1. Gibraltar is situated at the southern-most tip of the
Iberian peninsula. It is just over six square kilometres in area
and has a population of around 30,000 persons. The indigenous
Gibraltarian population itself numbers some 20,000 persons.
2. Gibraltar has been a British colony ever since it was taken
by Britain in 1704. In 1713, Britain and Spain signed the Treaty
of Utrecht which ceded Gibraltar to Britain in perpetuity.
3. Throughout the 18th and 19th centuries, a civilian
population grew from a mix of nationalities and religions.

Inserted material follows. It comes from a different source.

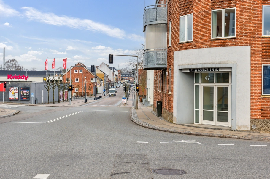 Denne centrale og markante ejendom på Storegade 47 i Brande indeholder 12 boliglejemål, hvoraf to af lejemålene netop er konverteret fra erhverv til boliglejemål. Derudover er der to mindre erhvervslejemål i ejendommens kælder med indgang fra bygningens bagside. Ejendommen er ældrevenlig med mulighed for trappefri adgang til alle lejemålene, da der både er lift ved hovedindgangen og elevator. Fra ejendommen er der også kort afstand til byens mange faciliteter. Bygningen er placeret midt i Brande og ved indgangen til byens hovedstrøg, hvilket giver let adgang til forskellige faciliteter såsom offentlig transport, indkøbsmuligheder, daginstitution, skole og andre servicevirksomheder. Beliggenheden tilbyder stort set alle byens mange faciliteter indenfor gåafstand, og ønsker man at tilgå det nærtliggende motorvejsnet, er der også mulighed for egen parkeringsplads eller garage i gården. Ejendommen har tidligere været brugt som fabriksbygning samt kontor. De tidligere anvendelsesformål som erhverv blev konverteret til primært boliglejemål med ibrugtagningstilladelse i 2003. Da ejendommen er konverteret erhverv efter 1991 er lejefastsættelsen for boliglejemålene fri markedsleje.

4. It was in the earlier part of this century that the local
population first sought and exercised political participation in
the affairs of the country. It was during the post-war era that
the Gibraltarians strongly reasserted their identity as a people
in their struggle for a self government and self determination.
The outbreak of the Second World War resulted in the evacuation
of the civilian population to London, Northern Ireland, Jamaica
and Madeira to allow for the fortification of the military base.
The ending of the War saw the emergence of the Association for
the Advancement of Civil Rights, initially, to ensure the
repatriation of the population back to their homeland.
Repatriation began in 1944 and was completed several years later
due to accommodation problems. This was followed by the demand
for greater selfgovernment. The City Council was reconstituted
in 1945 for the first time with an elected majority.
The Governor's monopoly of legislative authority ended in 1950 with
the formation of a Legislative Council. Under the 1969
Constitution, both the Legislative and City Councils were merged
to form the House of Assembly. Gibraltar obtained a large
measure of self-government under its new Constitution. All
domestic affairs became the responsibility of the elected
Gibraltar Government. The United Kingdom retained responsibility
for defence, internal security and external affairs.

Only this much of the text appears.